Repeating your benchmark where both numbers have up to 2 NBASE-digits,
this new approach was slightly faster:
SELECT SUM(num1*num2) FROM bench_mul_var; -- HEAD
Time: 4762.990 ms (00:04.763)
Time: 4332.166 ms (00:04.332)
Time: 4276.211 ms (00:04.276)
Time: 4247.321 ms (00:04.247)
Time: 4166.738 ms (00:04.167)
SELECT SUM(num1*num2) FROM bench_mul_var; -- v2 patch
Time: 4398.812 ms (00:04.399)
Time: 3672.668 ms (00:03.673)
Time: 3650.227 ms (00:03.650)
Time: 3611.420 ms (00:03.611)
Time: 3534.218 ms (00:03.534)
SELECT SUM(num1*num2) FROM bench_mul_var; -- this patch
Time: 3350.596 ms (00:03.351)
Time: 3336.224 ms (00:03.336)
Time: 3335.599 ms (00:03.336)
Time: 3336.990 ms (00:03.337)
Time: 3351.453 ms (00:03.351)
(This was on an older Intel Core i9-9900K, so I'm not sure why all the
timings are faster. What compiler settings are you using?)
The approach taken in this patch only uses 32-bit integers, so in
theory it could be extended to work for var1ndigits = 3, 4, or even
more, but the code would get increasingly complex, and I ran out of
steam at 2 digits. It might be worth trying though.
Regards,
Dean
diff --git a/src/backend/utils/adt/numeric.c b/src/backend/utils/adt/numeric.c
new file mode 100644
index 5510a20..adbfd5c
--- a/src/backend/utils/adt/numeric.c
+++ b/src/backend/utils/adt/numeric.c
@@ -8748,6 +8748,74 @@ mul_var(const NumericVar *var1, const Nu
}
/*
+ * Simplified fast-path computation, if var1 has just one or two digits.

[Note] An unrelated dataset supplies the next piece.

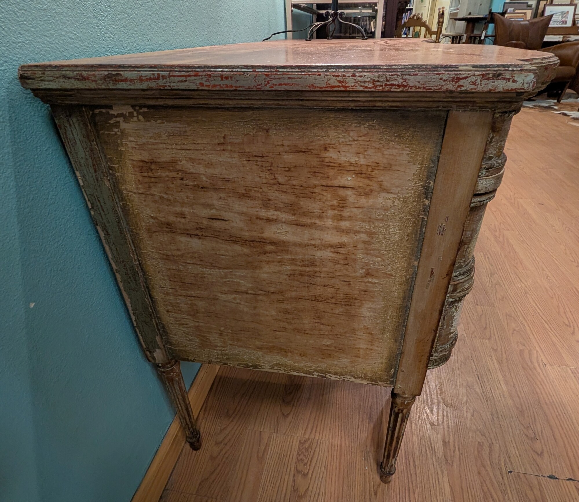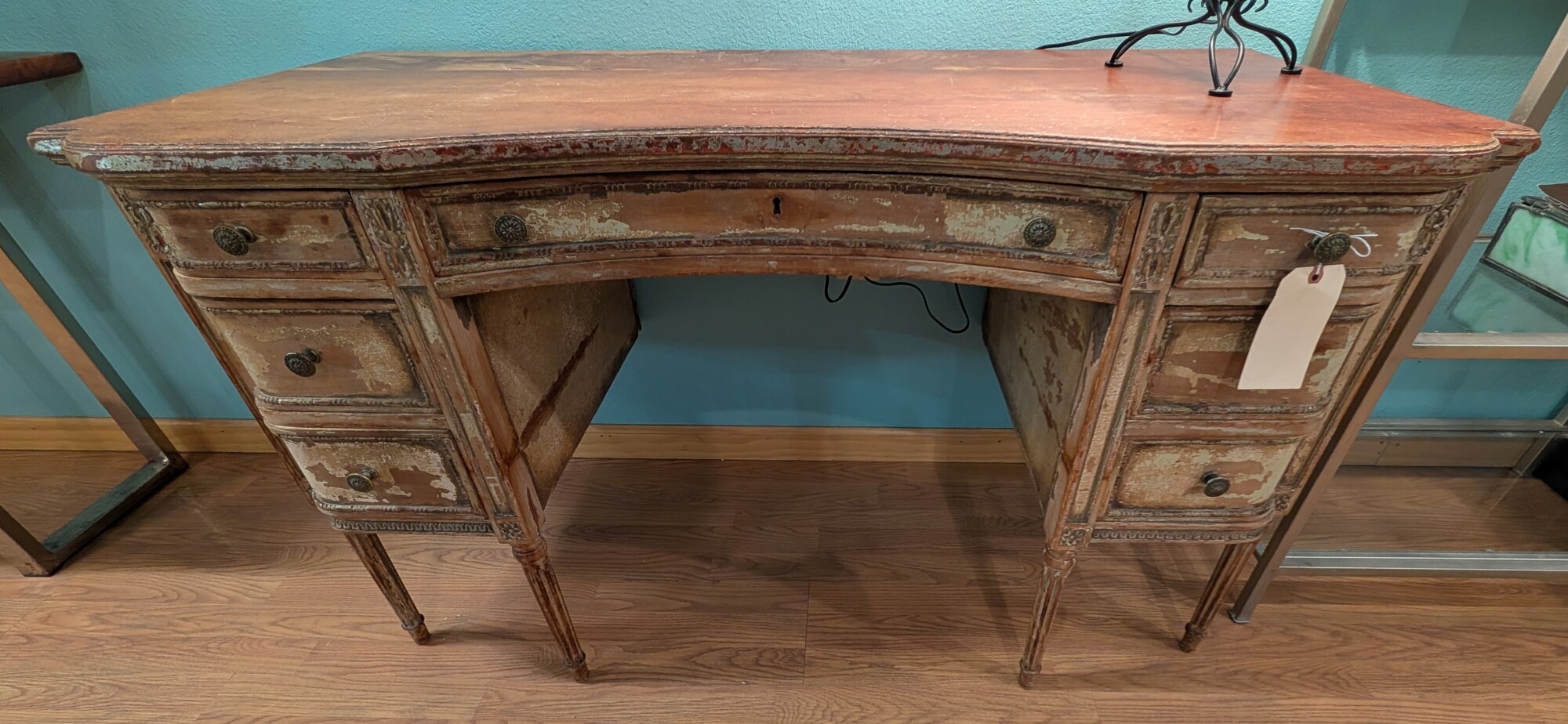 French Shabby Chic Desk, Painted, 7 Drawer 50.5 x 21.5 x 30h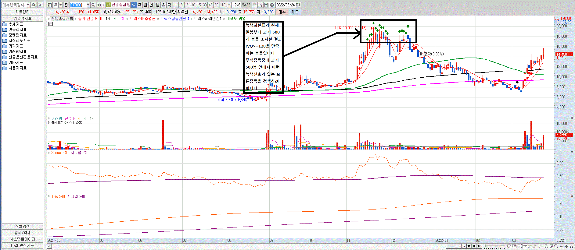 참고로 첨부사진에서 분홍색 굵은선이 240 이동평균선이고 녹색신호가 나타난곳이

+ * This is significantly faster, since it avoids allocating a separate
+ * digit array, making multiple passes over var2, and having separate
+ * carry-propagation passes.
+ */
+ if (var1ndigits <= 2)
+ {
+ NumericDigit *res_buf;
+
+ /* Allocate result digit array */
+ res_buf = digitbuf_alloc(res_ndigits);
+ res_buf[0] = 0; /* spare digit for
later rounding */
+ res_digits = res_buf + 1;
+
+ /*
+ * Compute the result digits directly, in one pass, propagating
the
+ * carry up as we go.
+ */
+ switch (var1ndigits)
+ {
+ case 1:
+ carry = 0;
+ for (i = res_ndigits - 3; i >= 0; i--)
+ {
+ newdig = (int) var1digits[0] *
var2digits[i] + carry;
+ res_digits[i + 1] = (NumericDigit)
(newdig % NBASE);
+ carry = newdig / NBASE;
+ }
+ res_digits[0] = (NumericDigit) carry;
+ break;
+
+ case 2:
+ newdig = (int) var1digits[1] *
var2digits[res_ndigits - 4];
+ res_digits[res_ndigits - 2] = (NumericDigit)
(newdig % NBASE);
+ carry = newdig / NBASE;
+
+ for (i = res_ndigits - 4; i > 0; i--)
+ {
+ newdig = (int) var1digits[0] *
var2digits[i] +
+ (int) var1digits[1] *
var2digits[i - 1] + carry;
+ res_digits[i + 1] = (NumericDigit)
(newdig % NBASE);
+ carry = newdig / NBASE;
+ }
+
+ newdig = (int) var1digits[0] * var2digits[0] +
carry;
+ res_digits[1] = (NumericDigit) (newdig % NBASE);
+ res_digits[0] = (NumericDigit) (newdig / NBASE);
+ break;
+ }
+
+ /* Store the product in result (minus extra rounding digit) */
+ digitbuf_free(result->buf);
+ result->ndigits = res_ndigits - 1;
+ result->buf = res_buf;
+ result->digits = res_digits;
+ result->weight = res_weight - 1;
+ result->sign = res_sign;
+
+ /* Round to target rscale (and set result->dscale) */
+ round_var(result, rscale);
+
+ /* Strip leading and trailing zeroes */
+ strip_var(result);
+
+ return;
+ }
+
+ /*
* We do the arithmetic in an array "dig[]" of signed int's. Since
* INT_MAX is noticeably larger than NBASE*NBASE, this gives us headroom
* to avoid normalizing carries immediately.